Feridas nos pés denunciam a situação de desgaste físico do menino, com dificuldade de cicatrizar as feridas em função da sujeira constante. “Quero sair dessa vida”, diz, com alguma esperança.


Outros casos


O caso de Rafael não é isolado. A presidente da Comunidade Terapêutica Transforme, Claudia Brito, relata a história de um menino nas mesmas condições de Rafael que acabou de maneira muito pior. “Uma hora eles acabam devendo a algum traficante e não conseguem mais pagar, aí a morte fica inevitável. Um dos que passaram pela comunidade tinha perfil muito parecido com o dele. Tentamos de tudo e a mãe acompanhou até quando pode”, conta.

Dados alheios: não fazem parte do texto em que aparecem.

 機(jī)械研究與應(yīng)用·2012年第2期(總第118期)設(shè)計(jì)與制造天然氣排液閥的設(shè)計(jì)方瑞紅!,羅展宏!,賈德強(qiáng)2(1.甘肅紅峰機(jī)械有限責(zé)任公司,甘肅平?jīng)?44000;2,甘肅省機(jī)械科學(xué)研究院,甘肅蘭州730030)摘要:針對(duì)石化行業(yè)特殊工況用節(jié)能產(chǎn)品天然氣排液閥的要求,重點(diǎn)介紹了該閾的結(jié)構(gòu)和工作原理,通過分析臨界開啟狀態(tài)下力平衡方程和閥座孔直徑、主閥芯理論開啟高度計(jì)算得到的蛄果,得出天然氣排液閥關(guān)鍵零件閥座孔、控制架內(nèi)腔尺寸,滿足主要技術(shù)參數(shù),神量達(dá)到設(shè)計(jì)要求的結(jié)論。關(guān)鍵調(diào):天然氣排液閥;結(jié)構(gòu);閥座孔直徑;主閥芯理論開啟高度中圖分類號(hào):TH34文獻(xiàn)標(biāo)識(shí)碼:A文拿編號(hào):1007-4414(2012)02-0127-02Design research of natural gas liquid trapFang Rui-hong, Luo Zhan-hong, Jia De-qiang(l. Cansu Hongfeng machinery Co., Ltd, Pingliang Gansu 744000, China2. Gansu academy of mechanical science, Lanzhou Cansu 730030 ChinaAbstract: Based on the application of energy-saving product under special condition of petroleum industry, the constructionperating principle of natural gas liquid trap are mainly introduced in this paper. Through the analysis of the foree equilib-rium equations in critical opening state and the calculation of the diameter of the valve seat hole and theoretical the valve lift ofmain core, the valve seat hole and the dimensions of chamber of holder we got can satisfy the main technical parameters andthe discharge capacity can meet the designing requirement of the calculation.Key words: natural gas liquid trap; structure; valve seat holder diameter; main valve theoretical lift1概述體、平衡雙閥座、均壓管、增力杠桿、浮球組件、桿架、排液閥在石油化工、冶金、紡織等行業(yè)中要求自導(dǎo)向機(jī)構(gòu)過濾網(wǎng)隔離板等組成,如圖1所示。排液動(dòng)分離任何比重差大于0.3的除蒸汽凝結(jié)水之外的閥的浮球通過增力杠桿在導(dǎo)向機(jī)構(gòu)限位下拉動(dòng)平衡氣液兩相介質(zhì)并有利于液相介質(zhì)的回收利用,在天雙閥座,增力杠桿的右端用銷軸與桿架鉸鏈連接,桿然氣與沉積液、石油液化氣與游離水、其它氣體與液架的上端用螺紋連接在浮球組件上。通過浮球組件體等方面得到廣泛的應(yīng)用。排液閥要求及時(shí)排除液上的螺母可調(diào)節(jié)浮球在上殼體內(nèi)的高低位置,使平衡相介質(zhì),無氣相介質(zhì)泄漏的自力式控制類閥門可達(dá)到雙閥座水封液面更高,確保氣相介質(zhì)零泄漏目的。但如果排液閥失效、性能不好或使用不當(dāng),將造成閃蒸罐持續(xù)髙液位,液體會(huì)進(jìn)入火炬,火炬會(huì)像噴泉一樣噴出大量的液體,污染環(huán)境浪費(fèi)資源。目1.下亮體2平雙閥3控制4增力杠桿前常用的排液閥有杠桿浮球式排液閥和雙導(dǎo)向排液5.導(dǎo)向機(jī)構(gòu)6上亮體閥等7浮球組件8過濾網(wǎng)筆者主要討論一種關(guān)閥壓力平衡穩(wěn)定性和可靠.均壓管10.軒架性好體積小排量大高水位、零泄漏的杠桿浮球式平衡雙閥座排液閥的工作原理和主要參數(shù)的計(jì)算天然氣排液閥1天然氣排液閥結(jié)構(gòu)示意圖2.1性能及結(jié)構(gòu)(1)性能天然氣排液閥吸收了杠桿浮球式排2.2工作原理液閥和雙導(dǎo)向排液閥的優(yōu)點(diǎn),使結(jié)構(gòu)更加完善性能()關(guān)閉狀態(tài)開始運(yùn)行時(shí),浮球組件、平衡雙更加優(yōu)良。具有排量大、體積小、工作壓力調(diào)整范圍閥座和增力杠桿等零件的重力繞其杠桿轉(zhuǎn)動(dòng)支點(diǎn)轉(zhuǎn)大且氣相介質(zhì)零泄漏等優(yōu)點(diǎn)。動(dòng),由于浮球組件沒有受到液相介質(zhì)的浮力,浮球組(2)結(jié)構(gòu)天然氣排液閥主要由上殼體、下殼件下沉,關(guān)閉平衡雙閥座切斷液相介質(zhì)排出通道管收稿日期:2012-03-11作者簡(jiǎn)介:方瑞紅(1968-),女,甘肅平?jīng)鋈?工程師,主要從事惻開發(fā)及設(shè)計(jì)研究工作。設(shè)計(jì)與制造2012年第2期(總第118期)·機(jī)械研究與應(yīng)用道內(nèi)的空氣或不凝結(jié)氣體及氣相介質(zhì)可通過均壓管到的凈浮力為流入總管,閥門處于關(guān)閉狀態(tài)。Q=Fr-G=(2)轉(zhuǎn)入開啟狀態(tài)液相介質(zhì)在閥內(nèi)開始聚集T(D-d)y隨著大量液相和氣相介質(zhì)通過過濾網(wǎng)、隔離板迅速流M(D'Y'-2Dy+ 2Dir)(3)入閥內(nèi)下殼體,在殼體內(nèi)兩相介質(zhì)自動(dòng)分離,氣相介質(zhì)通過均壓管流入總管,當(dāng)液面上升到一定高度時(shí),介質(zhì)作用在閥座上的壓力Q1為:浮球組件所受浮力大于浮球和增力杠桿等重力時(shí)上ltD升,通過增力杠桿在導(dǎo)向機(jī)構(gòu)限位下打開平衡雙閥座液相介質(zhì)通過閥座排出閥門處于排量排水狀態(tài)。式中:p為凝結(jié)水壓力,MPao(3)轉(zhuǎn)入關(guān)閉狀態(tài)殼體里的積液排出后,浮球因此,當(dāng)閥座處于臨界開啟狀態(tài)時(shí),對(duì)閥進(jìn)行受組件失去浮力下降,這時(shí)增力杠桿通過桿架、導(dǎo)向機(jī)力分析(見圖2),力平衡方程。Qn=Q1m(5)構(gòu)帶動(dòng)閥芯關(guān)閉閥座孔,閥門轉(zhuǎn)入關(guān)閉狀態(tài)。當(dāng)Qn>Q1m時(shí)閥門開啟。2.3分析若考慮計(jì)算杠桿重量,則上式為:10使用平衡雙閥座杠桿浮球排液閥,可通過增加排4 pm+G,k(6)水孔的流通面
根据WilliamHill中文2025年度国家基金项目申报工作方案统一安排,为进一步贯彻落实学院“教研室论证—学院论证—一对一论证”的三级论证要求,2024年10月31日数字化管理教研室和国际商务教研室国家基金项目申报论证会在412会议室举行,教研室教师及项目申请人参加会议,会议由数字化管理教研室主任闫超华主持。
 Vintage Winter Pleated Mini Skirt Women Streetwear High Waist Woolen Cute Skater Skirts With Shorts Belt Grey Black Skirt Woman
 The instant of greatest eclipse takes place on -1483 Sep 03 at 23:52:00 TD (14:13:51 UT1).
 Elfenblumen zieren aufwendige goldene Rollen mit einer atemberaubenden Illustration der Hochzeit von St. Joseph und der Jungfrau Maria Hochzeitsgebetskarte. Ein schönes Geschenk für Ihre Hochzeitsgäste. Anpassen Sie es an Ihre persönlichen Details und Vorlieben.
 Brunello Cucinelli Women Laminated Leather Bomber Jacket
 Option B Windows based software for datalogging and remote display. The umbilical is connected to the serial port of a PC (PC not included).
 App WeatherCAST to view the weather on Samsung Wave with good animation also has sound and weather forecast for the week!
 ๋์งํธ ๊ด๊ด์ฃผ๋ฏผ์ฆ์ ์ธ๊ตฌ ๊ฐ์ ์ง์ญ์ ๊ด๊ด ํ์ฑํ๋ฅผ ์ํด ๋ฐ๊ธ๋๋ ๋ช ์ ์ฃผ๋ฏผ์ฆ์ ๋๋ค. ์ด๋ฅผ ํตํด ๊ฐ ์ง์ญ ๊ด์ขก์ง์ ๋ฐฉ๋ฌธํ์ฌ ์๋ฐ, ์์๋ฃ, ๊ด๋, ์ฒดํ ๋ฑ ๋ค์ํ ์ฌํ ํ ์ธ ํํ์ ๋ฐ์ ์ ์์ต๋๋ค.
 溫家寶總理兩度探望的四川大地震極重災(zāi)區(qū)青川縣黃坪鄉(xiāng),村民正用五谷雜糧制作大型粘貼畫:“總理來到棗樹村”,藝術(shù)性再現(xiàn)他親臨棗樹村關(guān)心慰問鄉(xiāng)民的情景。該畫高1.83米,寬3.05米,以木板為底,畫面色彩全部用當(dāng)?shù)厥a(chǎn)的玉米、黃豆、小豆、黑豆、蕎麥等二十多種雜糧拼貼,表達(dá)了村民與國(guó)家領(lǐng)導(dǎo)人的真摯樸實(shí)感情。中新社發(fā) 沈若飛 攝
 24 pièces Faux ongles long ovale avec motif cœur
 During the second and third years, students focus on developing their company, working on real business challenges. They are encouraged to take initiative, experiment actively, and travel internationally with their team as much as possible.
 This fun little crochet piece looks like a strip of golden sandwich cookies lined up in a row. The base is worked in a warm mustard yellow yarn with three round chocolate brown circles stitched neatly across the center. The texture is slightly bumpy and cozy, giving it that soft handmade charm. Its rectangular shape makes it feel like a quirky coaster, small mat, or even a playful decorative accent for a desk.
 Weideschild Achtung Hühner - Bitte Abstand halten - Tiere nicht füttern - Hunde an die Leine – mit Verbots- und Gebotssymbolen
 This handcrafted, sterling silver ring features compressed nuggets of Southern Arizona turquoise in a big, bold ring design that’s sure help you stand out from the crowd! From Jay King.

Um dia, o menino teria arrumado uma dívida que não conseguiu pagar. “Traficantes deram-lhe cinco facadas. Ele sobreviveu. Não satisfeitos, o encontraram novamente, amarraram a mãe e o irmão para assistir. Tocaram fogo nele. Mas o garoto não morreu. Depois de tanta desgraça, ele foi internado com 70% do corpo queimado. Sobreviveu, mas vive totalmente deformado, com seríssimas dificuldades”, relata.